By Douglas E. Schoen

The Cambridge city manager and a local state Representative announced yesterday that the city will file a petition to ban trucks from three streets near Central Square.

At a press conference yesterday. City Manager John H. Corcoran and state Rep. Thomas Mahoney (D-Cambridge) said they will ask the State Department of Public Works (DPW) to re-route all trucks that do not have their origin or destination in Cambridge on to the Massachusetts Turnpike during evenings and weekends. Trucks presently use Prospect St., River St., and Western Ave. as through streets on their routes.

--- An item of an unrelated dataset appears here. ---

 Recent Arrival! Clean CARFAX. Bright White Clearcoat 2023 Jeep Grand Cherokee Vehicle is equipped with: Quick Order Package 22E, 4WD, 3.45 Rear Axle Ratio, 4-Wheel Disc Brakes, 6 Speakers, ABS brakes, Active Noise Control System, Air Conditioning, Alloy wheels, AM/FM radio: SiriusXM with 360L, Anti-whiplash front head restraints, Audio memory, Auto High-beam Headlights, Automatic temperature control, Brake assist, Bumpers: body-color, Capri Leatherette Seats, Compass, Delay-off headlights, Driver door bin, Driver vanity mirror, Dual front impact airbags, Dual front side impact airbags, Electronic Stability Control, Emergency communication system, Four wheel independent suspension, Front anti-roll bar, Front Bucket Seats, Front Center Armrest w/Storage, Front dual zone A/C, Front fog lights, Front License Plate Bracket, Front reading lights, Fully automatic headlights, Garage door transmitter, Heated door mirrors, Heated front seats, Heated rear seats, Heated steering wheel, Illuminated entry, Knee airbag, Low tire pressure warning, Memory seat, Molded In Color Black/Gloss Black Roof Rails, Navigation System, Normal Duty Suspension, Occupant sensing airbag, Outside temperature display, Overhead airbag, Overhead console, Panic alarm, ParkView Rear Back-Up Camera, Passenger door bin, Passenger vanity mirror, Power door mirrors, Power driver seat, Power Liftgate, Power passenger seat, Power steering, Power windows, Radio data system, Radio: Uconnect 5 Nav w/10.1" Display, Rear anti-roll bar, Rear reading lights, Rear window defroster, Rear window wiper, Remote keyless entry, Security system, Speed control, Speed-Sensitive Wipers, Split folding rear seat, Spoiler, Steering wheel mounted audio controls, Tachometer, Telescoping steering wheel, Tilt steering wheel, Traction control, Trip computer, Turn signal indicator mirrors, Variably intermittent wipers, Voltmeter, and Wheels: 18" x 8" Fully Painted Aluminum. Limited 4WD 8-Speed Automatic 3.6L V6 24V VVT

The ban on trucks would not extend to those carrying dangerous cargo, such as oil or gas. These types of trucks are presently banned from the Mass Pike in the central Boston area.

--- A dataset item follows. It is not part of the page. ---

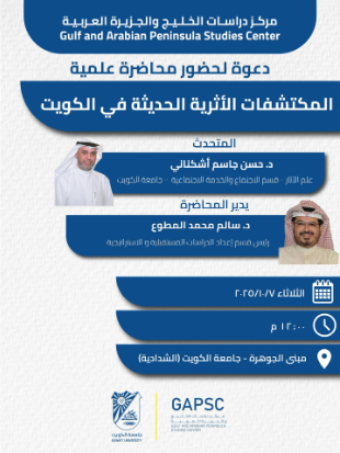 يسر مركز دراسات الخليج والجزيرة العربية دعوتكم لحضور المحاضرة العلمية " المكتشفات الأثرية الحديثة في الكويت "

Yesterday's announcement came as a result of a meeting between the Cambridge legislative delegation: Alan Altshuler, secretary of Transportation: and representatives of Humans Against Loud Trucks (HALT), a local citizens group.

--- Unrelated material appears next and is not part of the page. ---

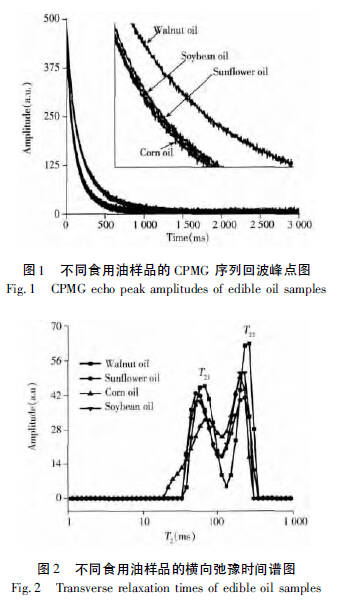 案例1:單一油樣將同一參數(shù)條件下測(cè)定的核桃油、玉米油、大豆油和葵花油的CPMG 弛豫衰減信號(hào)和T2弛豫檢測(cè)結(jié)果用專業(yè)軟件進(jìn)行T2反演,所得數(shù)據(jù)

At the meeting, Mahoney and the two representatives from HALT, David Clem and Richard Thoreson, presented their proposal to Altshuler. According to Mahoney, Altshuler endorsed the plan but said the DPW would have to make the final decision.

Altshuler was out of town yesterday and unavailable for comment.

Henry Lundquist, a spokesman for the Department of Public Works, said yesterday that while he would have to consider the proposal, he did not think the Mass Pike was an adequate alternative route to Prospect St., River St., and Western Ave.

"State law requires that cities seeking relief from truck traffic suggest an equally accessible route, and in this case sending trucks to the Mass Pike would mean that many truck drivers would have to go way out of their way." Lundquist said.

Two weeks ago HALT dramatized their opposition to the trucks by staging a rally on Prospect St. During the rally, a number of local residents crowded the streets and briefly blocked a number of trucks' progress.

HALT's rally culminated over two years of organizing. Their demonstration rally was attended by political-candidates as well as local elected officials.